FastPersist: Faster Model Checkpoint Creation

Although saving model checkpoints to persistent storage is critical in model training, it is also a major bottleneck due to the inefficiencies of existing approaches. We developed FastPersist to address the performance challenges of checkpointing. FastPersist makes checkpointing overheads negligible during training through three key techniques: (i) DeepNVMe, (ii) data parallelism, and (iii) overlapping I/O and computation.

Our goal here is to demonstrate the impact of DeepNVMe in FastPersist using single-process micro-benchmarks (available here), which serialize a model checkpoint state from HBM to local NVMe.

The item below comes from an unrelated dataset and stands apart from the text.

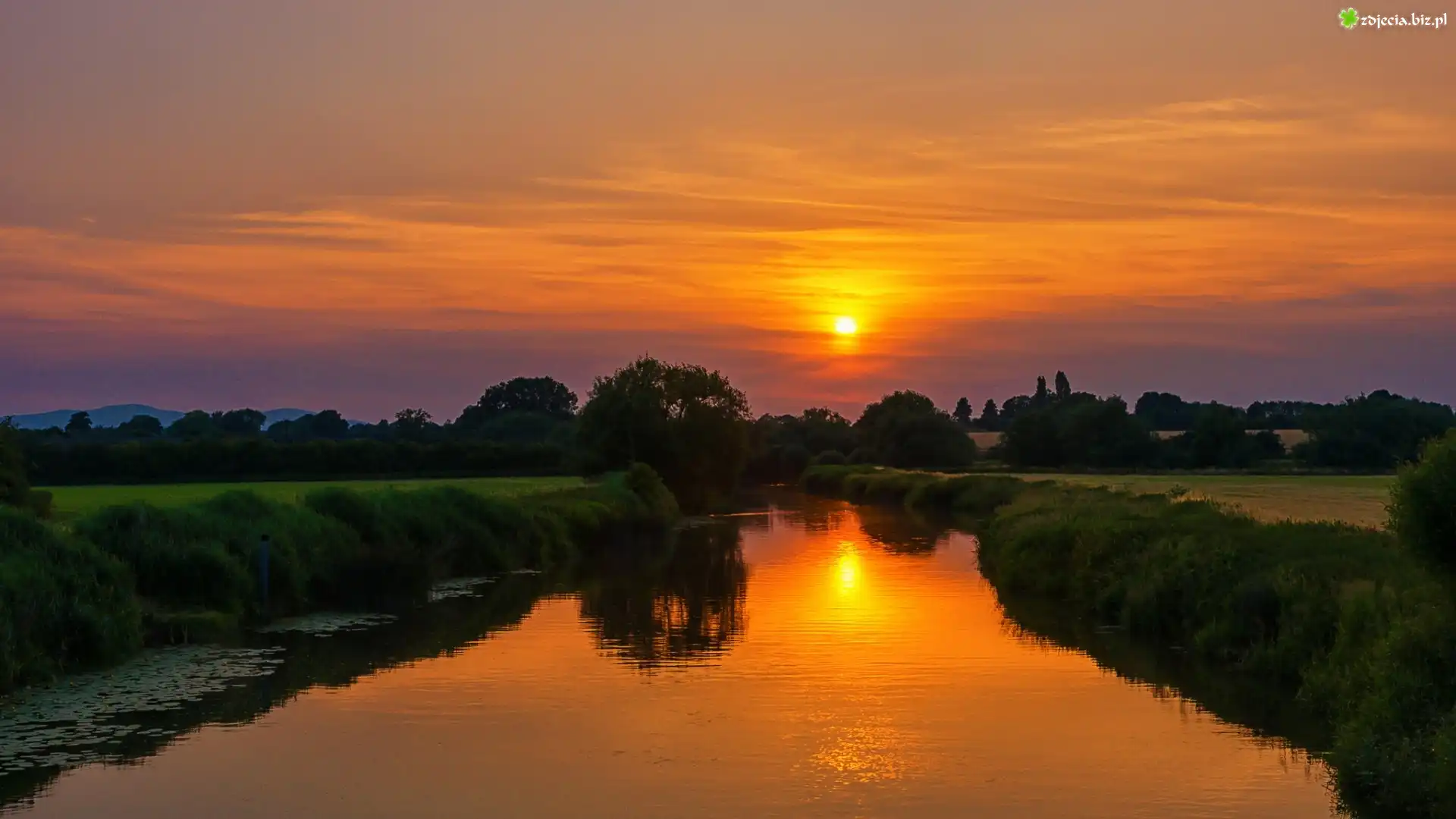 Zdjęcie Zachód, Słońca, Rzeka, Łąki, Drzewa

We use the popular PyTorch torch.save() as the baseline in our experiments, and integrate FastPersist into torch.save() to simplify adoption and performance comparisons.

Faster Saving of PyTorch Models to local NVMe Storage

We measure the throughput of serializing Phi-3-Mini checkpoint state from HBM to local NVMe storage. The results are summarized in the Figure below. We observe significantly faster checkpointing with FastPersist compared to the baseline. We see speedups of over 20X in the 8xGen5 NVMe settings. We also observe FastPersist scaling with increased NVMe bandwidth of 8xGen5 compared with 4xGen5.

FastPersist provides significantly faster model checkpointing to local NVMe.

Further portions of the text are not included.